Use of scrapy pipes

Learning Objectives:

Command the use of scrapy pipelines

We learned how to use scrapy pipes in the introduction to Scrapy section, but now we’ll dive into scrapy pipes

1. Commonly used methods in pipeline:

process_item(self,item,spider):
- A mandatory function in a pipe class
- Implement item data processing
- Must return the item
Open_spider (self, spider): executes only once when the crawler starts
Close_spider (self, spider): executed only once when the crawler is closed

2. Modification of pipeline files

Continue to improve wangyi crawler in pipelines. Py code

import json
from pymongo import MongoClient

class WangyiFilePipeline(object):
    def open_spider(self, spider):  Execute only once when the crawler is on
        if spider.name == 'itcast':
            self.f = open('json.txt'.'a', encoding='utf-8')
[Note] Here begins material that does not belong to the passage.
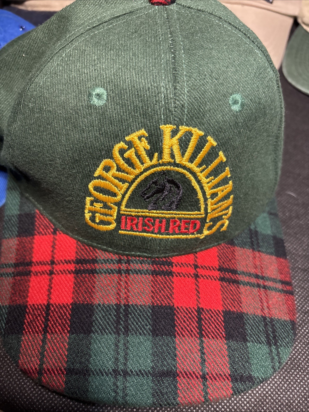 George Killian’s Irish Red beer branded snapback hat with green crown and red tartan plaid brim Bass Pro Shop Fishing Dept embroidered strapback adjustable cotton cap Vintage 90s KC Chicago snapback hat 2011 MG Reno Tahoe A Western Experience event embroidered khaki cap Chicagoland MG Club embroidered baseball cap Indigo Creek Golf Club vintage style trucker hat with multicolor striped brim Vintage Alaska trucker snapback blue corduroy workwear style hat Vintage San Sun US Navy Blue Angels strapback hat Jaguar Motor Cars red vintage automobile snapback hat Assorted additional vintage hat Mixed styles including snapback, trucker, and strapback. Sold as a single lot.

    def close_spider(self, spider):  Execute only once when the crawler is closed
        if spider.name == 'itcast':
            self.f.close()

    def process_item(self, item, spider):
        if spider.name == 'itcast':
            self.f.write(json.dumps(dict(item), ensure_ascii=False, indent=2) + ',\n')
        # Without return, another pipeline with a lower weight will not get item
        return item  

class WangyiMongoPipeline(object):
    def open_spider(self, spider):  Execute only once when the crawler is on
        if spider.name == 'itcast':
        We can also use the isinstanc function to distinguish between crawlers:
            con = MongoClient(host='127.0.0.1', port=27017) Mongoclient: Instantiate mongoClient
            self.collection = con.itcast.teachers Create a set operation object (itcast, teachers)
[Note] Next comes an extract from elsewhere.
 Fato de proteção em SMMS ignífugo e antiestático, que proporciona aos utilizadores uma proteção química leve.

    def process_item(self, item, spider):
        if spider.name == 'itcast':
            self.collection.insert(item) 
            The item object must be a dictionary before it is inserted
            Dict (BaseItem); dict(BaseItem);
        # Without return, another pipeline with a lower weight will not get item
        return item  
Copy the code

3. Open pipes

Start pipeline in settings.py setting

. ITEM_PIPELINES = {'myspider.pipelines.ItcastFilePipeline': 400, # 400 indicates the weight
    'myspider.pipelines.ItcastMongoPipeline': 500, The smaller the weight value, the higher the priority!}...Copy the code

Sudo service mongodb start check mongo in the mongodb database

Question to consider: Why open more than one pipe in Settings?

Different pipelines can process data from different crawlers, which are distinguished by the spider
Different pipelines can carry out different data processing operations for one or more crawlers, such as one for data cleaning and one for data preservation
The same pipe class can also process data from different crawlers, distinguished by the spider.name attribute

4. Pay attention to pipeline use

To use it, you need to enable it in Settings
In the setting, the key represents the position of pipeline (the position of pipeline in the project can be customized), and the value represents the distance from the engine. The closer the value is, the earlier the data will pass through: the smaller the weight value is, the better the execution
When there are multiple pipelines, the process_item method must return item, otherwise the next pipeline will fetch None
The process_item method must be present in pipeline, otherwise the item cannot accept and process it
The process_item method accepts both the item and the spider, where the spider represents the spider that is currently passing the item
Open_spider (spider) : can be executed once when the crawler is on
Close_spider (spider) : can be executed once when the crawler is closed
The above two methods are often used for the interaction between the crawler and the database, establishing the connection with the database when the crawler is opened, and disconnecting the connection with the database when the crawler is closed

summary

Pipes can be used to clean and store data, and multiple pipes can be defined to perform different functions. There are three methods
- Process_item (self,item,spider): Implements processing of item data
- Open_spider (self, spider): executes only once when the crawler starts
- Close_spider (self, spider): executed only once when the crawler is closed

Learning Objectives:

1. Commonly used methods in pipeline:

2. Modification of pipeline files

3. Open pipes

4. Pay attention to pipeline use

summary

Related Posts

How much does an unscrupulous hacker make in a year?

DataX: supports offline synchronization of nearly all heterogeneous data sources to MaxCompute

Why are drop-down menus a bad user experience?